Re: [PATCH -tip] x86/asm: Use %a instead of %c(%%rip) in rip_rel_ptr()
From: Ard Biesheuvel
Date: Mon May 05 2025 - 08:01:45 EST
On Mon, 5 May 2025 at 13:50, H. Peter Anvin <hpa@xxxxxxxxx> wrote:
>
> On May 5, 2025 3:42:46 AM PDT, Ard Biesheuvel <ardb@xxxxxxxxxx> wrote:
> >On Mon, 5 May 2025 at 08:09, H. Peter Anvin <hpa@xxxxxxxxx> wrote:
> >>
> >> On May 4, 2025 10:48:19 PM PDT, Ard Biesheuvel <ardb@xxxxxxxxxx> wrote:
> >> >On Mon, 5 May 2025 at 04:59, H. Peter Anvin <hpa@xxxxxxxxx> wrote:
> >> >>
> >> >> On 5/4/25 11:43, Uros Bizjak wrote:
> >> >> > The "a" asm operand modifier substitutes a memory reference, with the
> >> >> > actual operand treated as address. For x86_64, when a symbol is
> >> >> > provided, the "a" modifier emits "sym(%rip)" instead of "sym".
> >> >> >
> >> >
> >> >Clang does not
> >> >
> >> >https://godbolt.org/z/5Y58T45f5
> >> >
> >> >> > No functional changes intended.
> >> >> >
> >> >
> >> >NAK. There is a functional change with Clang, which does not emit
> >> >%(rip), and this is the whole point of this thing.
> >> >
> >> >> > Signed-off-by: Uros Bizjak <ubizjak@xxxxxxxxx>
> >> >> > Cc: Thomas Gleixner <tglx@xxxxxxxxxxxxx>
> >> >> > Cc: Ingo Molnar <mingo@xxxxxxxxxx>
> >> >> > Cc: Borislav Petkov <bp@xxxxxxxxx>
> >> >> > Cc: Dave Hansen <dave.hansen@xxxxxxxxxxxxxxx>
> >> >> > Cc: "H. Peter Anvin" <hpa@xxxxxxxxx>
> >> >> > Cc: Ard Biesheuvel <ardb@xxxxxxxxxx>
> >> >> > ---
> >> >> > arch/x86/include/asm/asm.h | 2 +-
> >> >> > 1 file changed, 1 insertion(+), 1 deletion(-)
> >> >> >
> >> >> > diff --git a/arch/x86/include/asm/asm.h b/arch/x86/include/asm/asm.h
> >> >> > index f963848024a5..d7610b99b8d8 100644
> >> >> > --- a/arch/x86/include/asm/asm.h
> >> >> > +++ b/arch/x86/include/asm/asm.h
> >> >> > @@ -116,7 +116,7 @@
> >> >> > #ifndef __ASSEMBLER__
> >> >> > static __always_inline __pure void *rip_rel_ptr(void *p)
> >> >> > {
> >> >> > - asm("leaq %c1(%%rip), %0" : "=r"(p) : "i"(p));
> >> >> > + asm("leaq %a1, %0" : "=r"(p) : "i"(p));
> >> >> >
> >> >> > return p;
> >> >> > }
> >> >>
> >> >> Also, this function really should be __attribute_const__ rather than __pure.
> >> >>
> >> >
> >> >No it should really not.
> >> >
> >> >rip_rel_ptr() will yield different results depending on whether it is
> >> >called [by the same code] from the 1:1 mapping or the ordinary kernel
> >> >virtual mapping of memory, and this is basically the entire reason we
> >> >need it in the first place.
> >> >
> >> >Lying to the compiler about this is not a good idea imo.
> >>
> >> Goddamnit, another clang bug.

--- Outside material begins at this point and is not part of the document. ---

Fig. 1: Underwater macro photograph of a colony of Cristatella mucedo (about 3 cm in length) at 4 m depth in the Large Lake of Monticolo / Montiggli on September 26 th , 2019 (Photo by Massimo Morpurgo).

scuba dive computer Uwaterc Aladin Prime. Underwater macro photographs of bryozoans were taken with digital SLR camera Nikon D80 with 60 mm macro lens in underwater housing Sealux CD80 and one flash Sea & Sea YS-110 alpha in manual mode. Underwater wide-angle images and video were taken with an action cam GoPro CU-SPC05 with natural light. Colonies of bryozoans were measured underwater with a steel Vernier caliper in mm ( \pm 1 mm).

Someone fix the damned thing, please...
> >
> >How is this a bug? The %a modifier is documented as producing a memory
> >reference - the fact that GCC on x86_64 always emits a RIP-relative
> >reference regardless of whether we are generating PIC code or not is
> >an implementation detail, and not fundamental to yield correct code.
> >
> >Clang produces something that matches the constraints that we gave it
> >- we cannot blame the tools for the mess of our own making where we
> >call C code from alternative mappings of memory, while we lie to the
> >compiler that the code is position dependent and non-relocatable.
>
> It is documented to produce an (%rip) reference in the gcc documentation, and gcc is the reference for inline assembly.
>
Got a link? The one below documents it as a generic modifier, and does
not mention rIP at all.
https://gcc.gnu.org/onlinedocs/gcc/Extended-Asm.html#Generic-Operand-Modifiers
> Furthermore, documentation is not reality. Code is.
Not sure I follow your point here. You claim Clang is buggy because
GCC does not behave according to its own documentation?